10 thoughts on “Monday on Friday

  1. I’m so happy for you that you are finally getting a handle on the pain with the new protocol. Mostly, I am happy that you have found a doc to fight the good fight with you.
    The pictures of George and Emily are wonderful. I understand that his low weight is not a good thing, but angel George looked absolutely perfect to me. Nancy

  2. Oh my goodness! I have TEARS OF JOY!
    I so totally know what it’s like to suddenly realize “Hey, I’m not thinking about right now and haven’t even noticed for a couple of hours!”
    What a TRUE BLESSING THAT IS!!!
    You have been a rock of wisdom for me as I’ve endured (not patiently, not quietly, not gracefully) pain in various body-part-Xs.
    I’ve been praying. Praise the Lord for a few minutes of relief.
    Thank you so much for sharing the joy with us.

  3. Well, the above made NO SENSE.
    I guess I can’t put things in angle brackets.
    Here’s the real comment, with no vanishing text in angle brackets.

    Oh my goodness! I have TEARS OF JOY!

    I so totally know what it’s like to suddenly realize “Hey, I’m not thinking about BODY-PART-X right now and haven’t even noticed BODY-PART-X for a couple of hours!”

    What a TRUE BLESSING THAT IS!!!

    You have been a rock of wisdom for me as I’ve endured (not patiently, not quietly, not gracefully) pain in various body-part-Xs.

    I’ve been praying.

    Praise the Lord for a few minutes of relief.
    Thank you so much for sharing the joy with us.

  4. That is WONDERFUL! I am so glad you have one less thing to bother you so much!!!!!! GOD IS GOOD!!!! hugs on this rainy day!

  5. I agree with Lynette, GOD IS GOOD!!!

    It is so frustrating not being able to “see” you and give you hugs, but hope you feel them in our messages!

    I know you will feel better soon, because with another caring doctor on your side and your medical knowledge…retired or not… you will be teaching that doctor even more!

    Lots of prayers coming your way that your path to relief gets better and better…soon!

    Hugs!

  6. OH HALLELIUAH! i’m so glad for you, pain can be exhausting and i pray that this course will continue to give you relief. i promise to hug you ever so gently when i see you.

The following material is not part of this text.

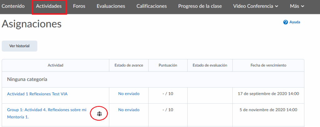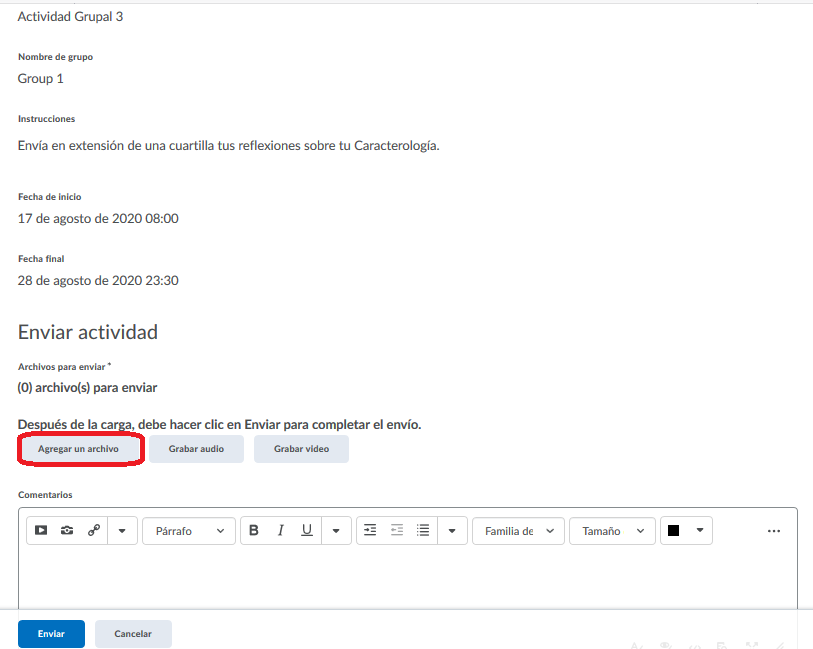 Después de dar clic en el nombre, verás la pantalla de la actividad, que es muy similar a la de una actividad individual.  Te indica el nombre de la actividad, el nombre del grupo del que formas parte, así como la fecha de inicio y cierre de la actividad.

  7. Wonderful news. One of the amazing parts is that you NEVER complained about this pain despite all the opportunities to. Every blog entry could be about how bad it is to hurt all the time but you don’t even mention it. You are truly an amazing person Elizabeth and I have tremendous respect for you.

  8. Oh, dear Elizabeth, I am so happy that your pain is, at times, losing its controlling power. How wonderful and fortunate that wise Maureen connected you with this particular pain specialist who treated you with respect and has helped you make progress against the pain.

    When I read your updates, I am struck with how you are reclaiming your life with resoluteness and courage and trust. You may not feel amazing, but you are. You may not feel strong, but you are. You may not feel brave, but you are.

    The pictures of Emily and George are full of love. You have an incredible ability of isolating slices of your life and sharing them with us in beautiful prose and photos. Thank you.

    Love and prayers from Kalamazoo.